Multi Olivier Award winner Ruth Wilson will take on one of the stage’s greatest roles this December as she gets set to play the explosive Hedda Gabler in Ivo Van Hove’s much anticipated production at the National Theatre.
A star on both sides of the Atlantic thanks to hit shows Luther and HBO’s The Affair, in which she stars opposite Idris Elba and Dominic West respectively, Wilson will take on the iconic role following Olivier Award-winning leading appearances in the Donmar Warehouse’s Anna Christie and A Streetcar Named Desire.
Excitement for Wilson’s appearance in Christopher Hampton’s translation of Henrik Ibsen’s classic will only add to the existing anticipation surrounding the production as theatre fans get ready for another Van Hove hit following London hits including the hugely successful Mark Strong-led A View From The Bridge.

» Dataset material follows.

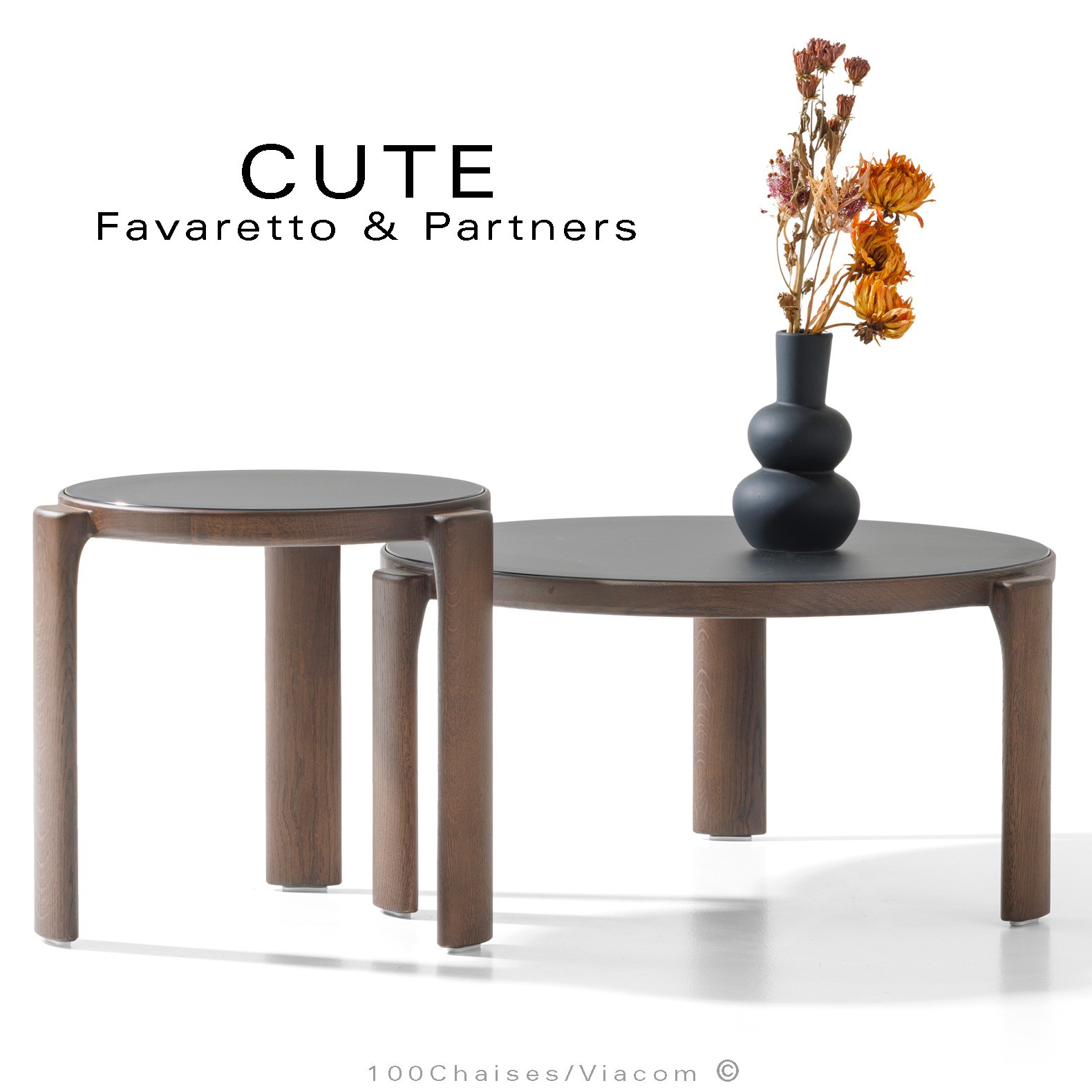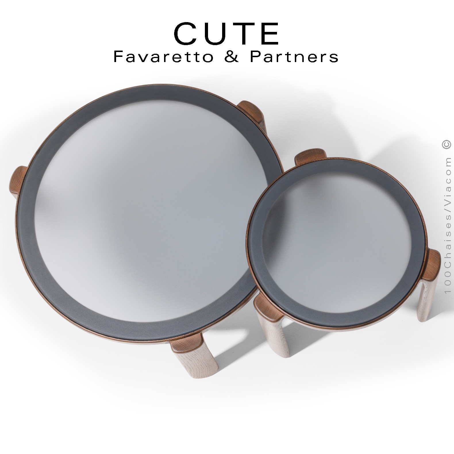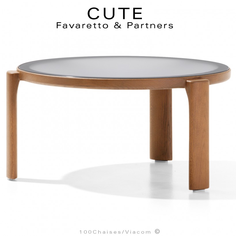 Table basse ronde design CUTE, structure bois massif de Frêne, Chêne ou noyer vernis, plateau verre blanc ou gris dépoli.

The innovative Olivier Award-winning director’s take on Hedda Gabler has already been seen in New York and Amsterdam, where he was acclaimed for his trademark radical interpretation of a classic text.
Writing about the production when it was first seen in New York in 2004, The New York Times said: “Mr Van Hove’s remarkable Hedda Gabler, which also includes such peculiarities as a can of tomato juice used as a weapon of mass humiliation, and a finale staged almost entirely in darkness, does not necessarily illuminate the play as a dramatic text. That can be left to traditionalists. Mr Van Hove’s sights are set considerably higher: he is an artist seeking, as Ibsen once did, to illuminate the world around him.”
According to the Daily Mail, Hedda Gabler’s traditional 19th century setting will be replaced with a contemporary set and costumes, which will be designed by Van Hove’s long-time collaborator Jan Versweyveld.
Wilson joins an incredible line-up of actors set to appear at the National Theatre in the coming months including Helen McCrory, who leads June’s The Deep Blue Sea, Andrew Garfield in Angels In America, Tamsin Greig in Twelfth Night and Ralph Fiennes in Antony And Cleopatra.